Diabetes, Endocrinology, and Obesity Branch, National Institute of Diabetes, Digestive and Kidney Diseases, Bld 10-CRC, Rm 6-5940, MSC 1612, 9000 Rockville Pike, Bethesda, MD, 20892-1612, USA.
National Institute of Minority Health and Health Disparities, National Institutes of Health, Bethesda, MD, USA.
J Racial Ethn Health Disparities. 2017 Jun;4(3):455-461. doi: 10.1007/s40615-016-0246-8. Epub 2016 Jun 28.
After decades of resistance, there is now a genuine consensus that disease cannot be prevented or even successfully treated unless the role of stress is addressed alongside traditionally recognized factors such as genes and the environment. Measurement of allostatic load, which is quantified by the allostatic load score (ALS), is one of the most frequently used methods to assess the physiologic response to stress. Even though there is universal agreement that in the calculation of ALS, biomarkers from three categories should be included (cardiovascular, metabolic and immune), enormous variation exists in how ALS is calculated. Specifically, there is no consensus on which biomarkers to include or the method which should be used to determine whether the value of a biomarker represents high risk. In this perspective, we outline the approach taken in 21 different NHANES studies.

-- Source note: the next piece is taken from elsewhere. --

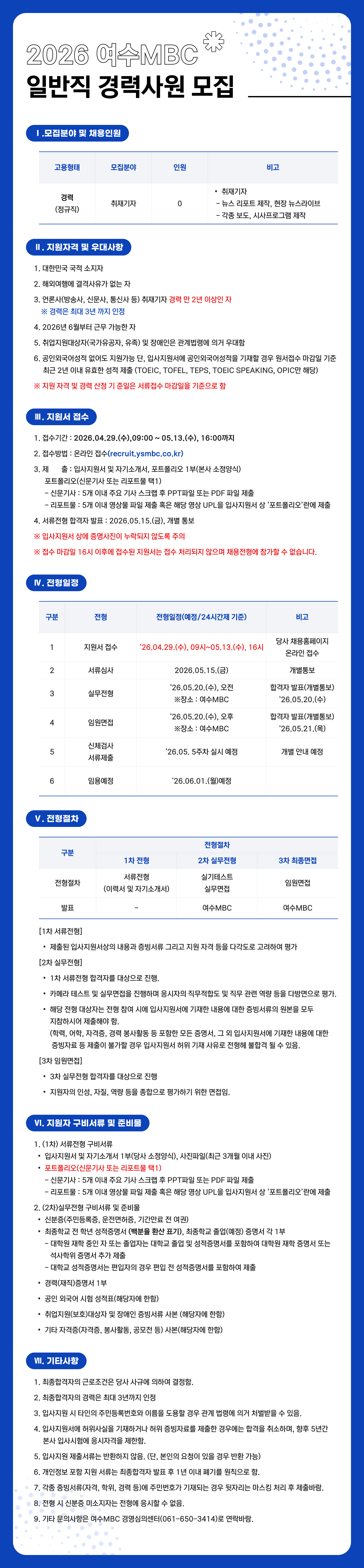 2026 여수MBC 일반직 경력사원(취재기자 분야) 모집 안내
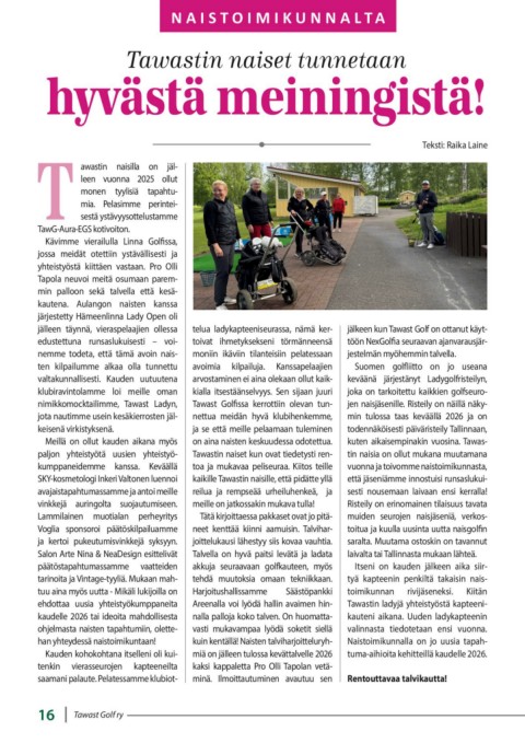 Tapola neuvoi meitä osumaan parem- Tawastin naiset kun ovat tiedetysti ren- min tulossa taas keväällä 2026 ja on

经过几十年的抵制,现在人们真正达成了共识,即如果不解决压力的作用,疾病不仅无法预防,甚至无法成功治疗,而压力是与传统上公认的因素(如基因和环境)并列的因素。压力的生理反应是通过测量全身适应综合征负荷(allostatic load,ALS)来评估的,它是最常用的方法之一。尽管人们普遍认为在计算 ALS 时,应该包括三类生物标志物(心血管、代谢和免疫),但 ALS 的计算方法存在巨大差异。具体来说,对于应该包括哪些生物标志物以及应该使用哪种方法来确定生物标志物的值是否代表高风险,尚无共识。在这个观点中,我们概述了在 21 项不同的 NHANES 研究中所采用的方法。